DjVu

English

Alternative forms

Etymology

From deja vu, from French déjà-vu, q.v.

Pronunciation

  • IPA(key): /ˌdiːd͡ʒeɪˈviːju/, /ˌdiːd͡ʒeɪˈvu/, /ˌdeɪ.ʒɑː ˈvuː/

Noun

DjVu (countable and uncountable, plural DjVus)

  1. (computing, uncountable) A file format intended to represent electronic documents, particularly scanned text.
    • 2021, Alexander Thomasian, Storage Systems..., §2.13.7:
      DjVu was developed at AT&T Research by Yan[sic] LeCun et al. in 1966. It generates files that are smaller than PDF files. [] PDF primarily encodes graphics and text as vectorized data, whereas DjVu primarily encodes them as pixmap images.
    • 2022 April 26, Juha Saarinen, "Google's VirusTotal Service Vulnerable for Over Eight Months", iTnews:
      DjVu is a relatively old and no longer developed file format devised by AT&T, used to store scanned images.

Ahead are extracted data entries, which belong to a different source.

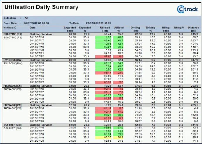 • Historical data of routes, site visits, vehicle speeds, idling, driver behaviour and much more
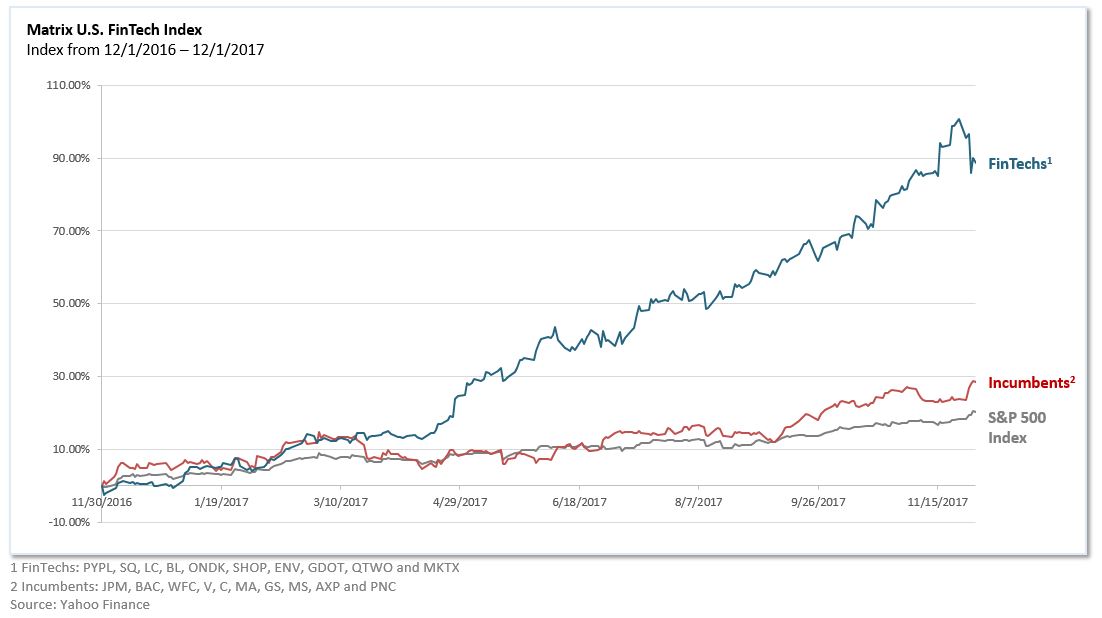 As seen below, the Matrix FinTech Index shows a clear win for the fintechs. To their credit, after a rough year in 2016, the incumbents rallied in 2017 to perform slightly better than the S&P 500 Index — yielding 29 percent returns over the one-year period (compared to the 20 percent returns by the S&P 500 Index).
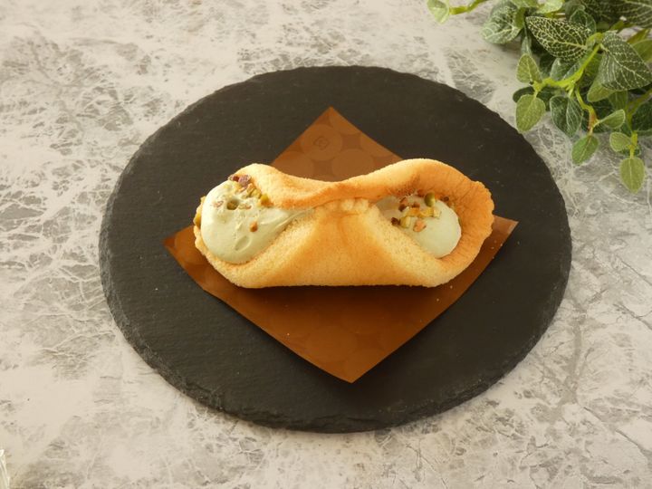 たっぷりのピスタチオクリームがスポンジにくるんと包まれていて、クリームにはピスタチオがたっぷり乗っています。
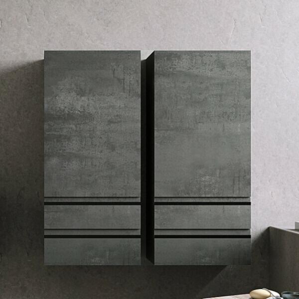 2022-es újdonság, divatos színekben, széles méretválasztékban. Kerrock fedlappal és mosdómedencékkel rendelkező, fürdőszoba bútor. Rejtett bemart fogantyúkkal tervezték, fiókrendezője széria tartozék, mosdó medencéje két féle formában választható. Újdonság továbbá a dupla kerek tükör, egy szenzoros kapcsolóval. 750x1460x320 cm Sötét betonszürke színben! (dark
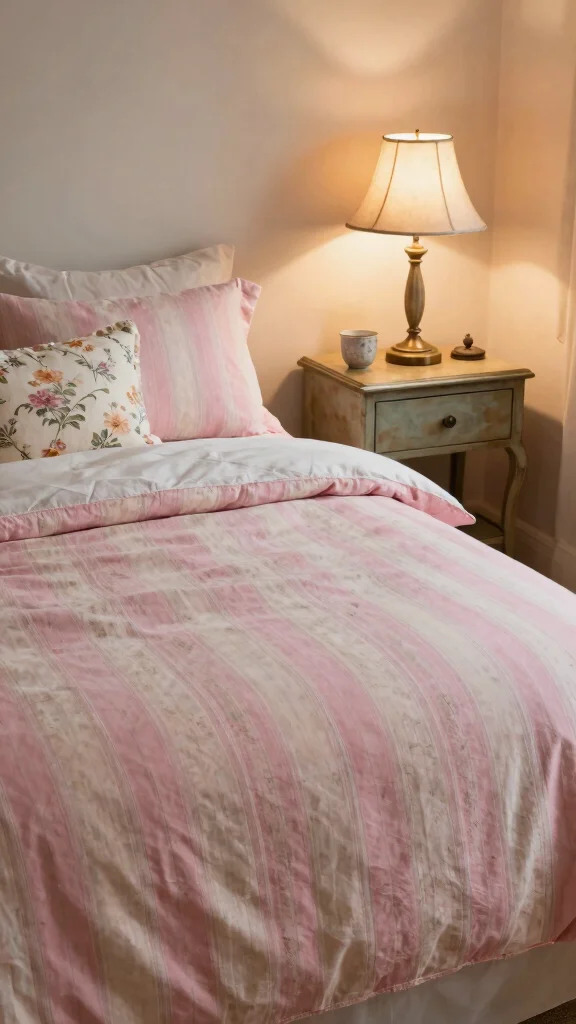 For a nostalgic touch, vintage-inspired pink stripe bedding can infuse warmth and charm into your modern space. Seek out bedding featuring softer shades of pink with slightly faded stripes for a cozy, lived-in feel. This style beautifully enhances small bedrooms, creating an inviting atmosphere that encourages relaxation.

None of the VirusTotal anti-virus scanners detected the CySource researchers' Base64 encoded payload added to the metadata of the malicious DjVu file. The researchers found that "instead of exiftool detecting the metadata of the file it executes our payload."
  2. (computing, countable) A file encoded in the DjVu format.